Posted by: Alan Shore | September 30, 2008 at 06:54 PM
Is it too idealistic to think that if the connection is made between abstaining from twinkies and feeling good physically and mentally that any person would drop the twinkie in a heartbeat? We should be educating people on all the benefits of eating better from an early age. That is the most effective preventive medicine. People do certain things because those things feel good. Eating junk feels good. Eating well feels better. People have to see the connection or they will eat only what feels good to them at any time.
Posted by: josh | September 30, 2008 at 07:12 PM
This industry shares a few similarities to the spotlighted banking industry.

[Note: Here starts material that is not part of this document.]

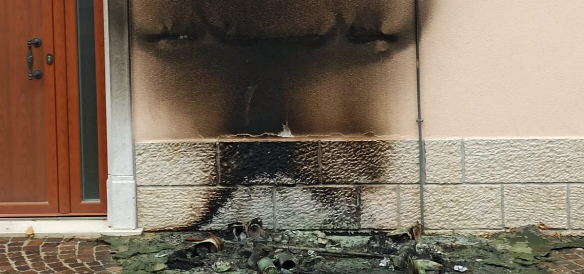 Il cassonetto andato in fiamme era situato davanti alla porta d’ingresso della nuova casa canonica (il parroco non vi dimora abitualmente, ndr), realizzata proprio negli ultimi anni. Il citofono della struttura è stato danneggiato dall’incendio e anche la facciata è rimasta annerita. Ciò che è davvero impressionante, tuttavia, è che il fumo e le fiamme hanno disegnato sulla facciata della casa canonina un volto demoniaco dall’espressione accigliata e minacciosa e dallo sguardo ipnotico e penetrante. Un inquietante e oscuro presagio o solo una singolare casualità? Basterà l’intervento di un imbianchino o servirà quello di un esorcista?

CEO's and higher-ups aren't the only ones getting golden parachutes on dismissal or on moving to another health care group. The business side of medicine is skating under the radar as far as leeching the system, with redundant jobs and exorbitant payrolls to people not on the front lines.
If people think the physician's salaries and shortages are the pressing issues, they are indeed naive. In fact, most physician enter the workplace at the prey of the healthcare industry with a 6 figure debt. Those in primary care will struggle to survive, and will not have the desired doctor-patient relationship that brought them to medicine.
If there is any area that may need future restriction, look no further than health care corporations.
Posted by: Stratos | September 30, 2008 at 07:14 PM
JCA, please, please just take my money I save by dying earlier.
Posted by: Tom | September 30, 2008 at 07:31 PM
Our health system will be a disaster, for anyone that isn't rich enough to afford good care as long as the top priority for politicians is keeping insurance companies billionaires and doctors multimillionaires and drug companies trillionaires before taking care of people.
Only opening a lot more spaces in medical school and putting an end to private insurance companies will ever give American's decent medical care. We need the kind of healthcare system that most of Europe has and we need to put an end to what the drug companies have done.